Nothing much happened over the next week. I avoid reading the newspapers most of the time, but I had a look at the
Chronicle
twice during that week; I also called Ben Klein at the Hall and talked with him. But there just weren’t any developments in the Leonard Purcell case. Or at least none that the police were admitting to. According to Klein, Tom Washburn had been unable to attach any particular significance to Purcell’s dying words, except as an obscure reference to Leonard’s brother, Kenneth Purcell, who had died in a fall this past May. None of the neighbors had seen or heard anything useful. No solid motive had surfaced. There were no suspects. Possible leads were still being checked, Klein said, but he didn’t sound confident that they would point him anywhere.

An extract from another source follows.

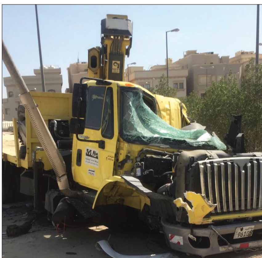
الكرين الذي استخدمه الإرهابي في تنفيذ العملية

وأوضحت أنه بعد التحقيقات الأولية من قبل الأجهزة الأمنية المختصة عثر بمركبة المتهم على ورقة بخط يده تشير إلى تبنيه فكر ما يسمى بتنظيم داعش الإرهابي ومبايعته لهذا التنظيم، وحرّام ومواد يشتهه في أنها مواد متفجرة تنبئ عن تخطيطه لعمل إرهابي. وأشارت الإدارة العامة للعلاقات والإعلام الأمني إلى أنه لم تلحق إي إصابات بالأميركيين من جراء الحادث، بينما أصيب المتهم بكسور نقل على إثرها للمستشفى في حراسة أمنية.

I had no real stake in the case, yet I could not keep it out of my head. You don’t watch a man die—
feel
a man die—and then just forget about it as if it never happened. Especially not with reruns of those nightmares every couple of nights. So I read the newspaper stories, and talked to Klein and a few other people, and found out some things about Leonard Purcell and his brother. Eberhardt thought this was morbid and a waste of time, and maybe it was. But Eberhardt has thicker skin than I do; after more than thirty years on the San Francisco cops, it’s just a job to him. Sometimes I wish it was just a job to me, too. Sometimes.

The fact that Leonard was the second member of the Purcell family to die within six months might not have interested me if his brother’s death hadn’t been the result of a fall and hadn’t also been on the odd side. Kenneth Purcell, a wealthy real estate broker and art collector, had lost his life during a Thursday-night party at his Moss Beach home. There had been a lot of drinking at this party, evidently—Kenneth had thrown it to show off a valuable antique snuff box he’d acquired—and he had done the lion’s share of it. Sometime between nine-thirty and ten he had disappeared; he hadn’t been missed until ten, by his wife Alicia. When a search of the house and immediate grounds failed to turn him up, the wife and a couple of the guests had gone out to check the cliffs at the rear of the property. His body had been caught on the rocks a hundred feet below.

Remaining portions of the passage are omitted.